Imperial
- A can of Imperial-brand michelada from Costa Rica
- Manufacturer: FIFCO
- Introduced: 1924
- Alcohol by volume: 4.5%
- Style: Pale lager

= Imperial (beer) =

Costa Rican beer brand

Imperial (Cerveza Imperial) is a Costa Rican lager, manufactured by the Florida Ice & Farm Company (FIFCO). Imperial was first produced by the Ortega brewery in 1924 by Carl Walter Steinvorth, an important businessman & the first orthodontist in Central America. Spin-offs from the original Imperial include Imperial Light, Imperial Silver and Imperial Ultra.
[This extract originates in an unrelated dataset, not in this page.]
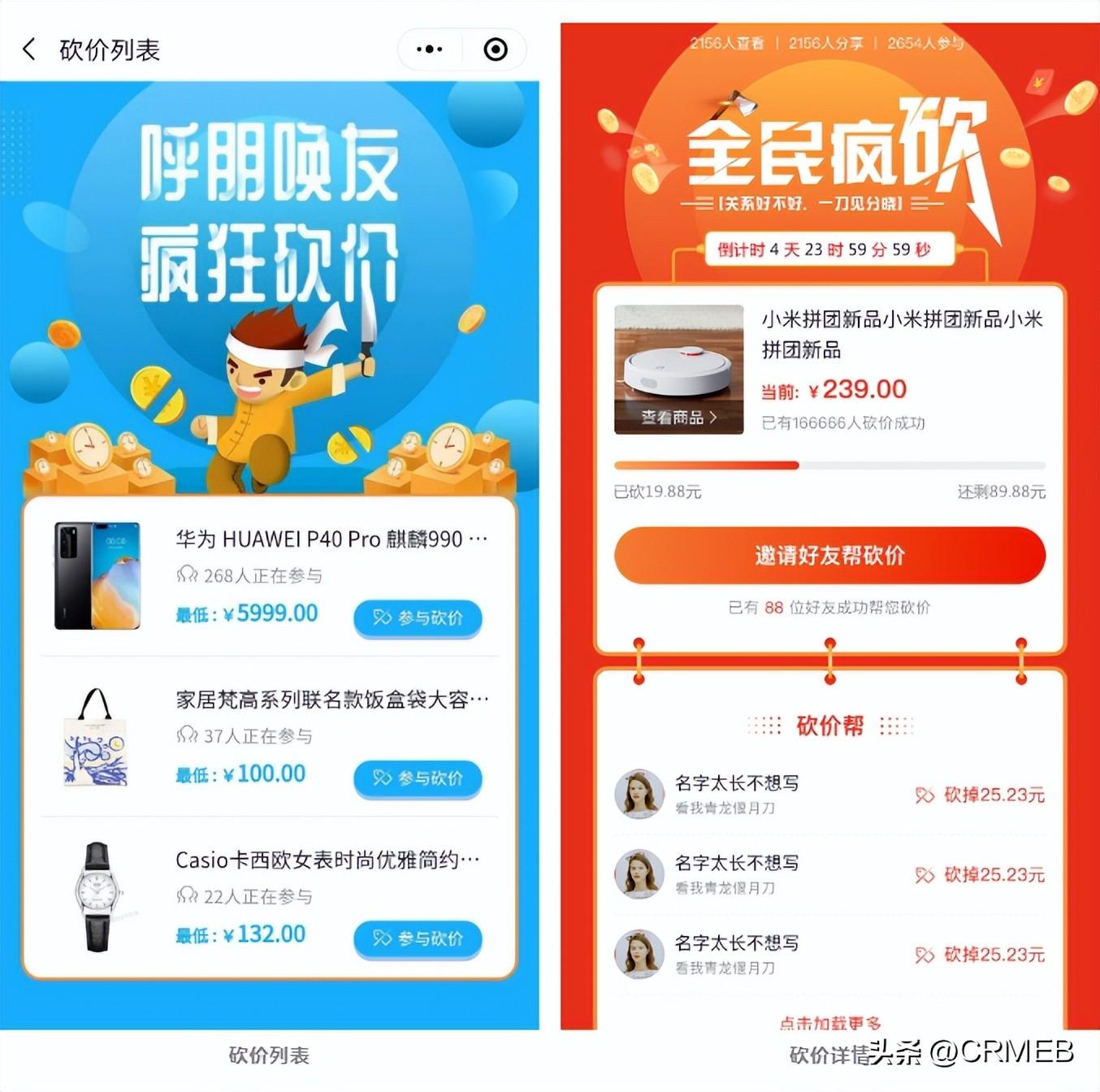 可设置优惠砍价活动,吸引用户邀请好友参与砍价,充分挖掘用户私域资源,拓展私域流量池。

FIFCO produces other beers, including its Pilsen, Bavaria, and Rock Ice brands.

== Logo ==
The Imperial logo was designed by the brothers Enrique and Wolfgang Hangen who, at the time, were owners of the advertising agency "Casa Gráfica." The brothers also created the logo for other Costa Rican beers, such as Pilsen and Bavaria drawing inspiration from the iconography of their native country, Germany.

Imperial is also known by Costa Ricans as "Aguila" or "Aguilita", which translates into English as "Eagle" or "Little Eagle" in reference to the beer's logo, which includes the Imperial Eagle used in European heraldry.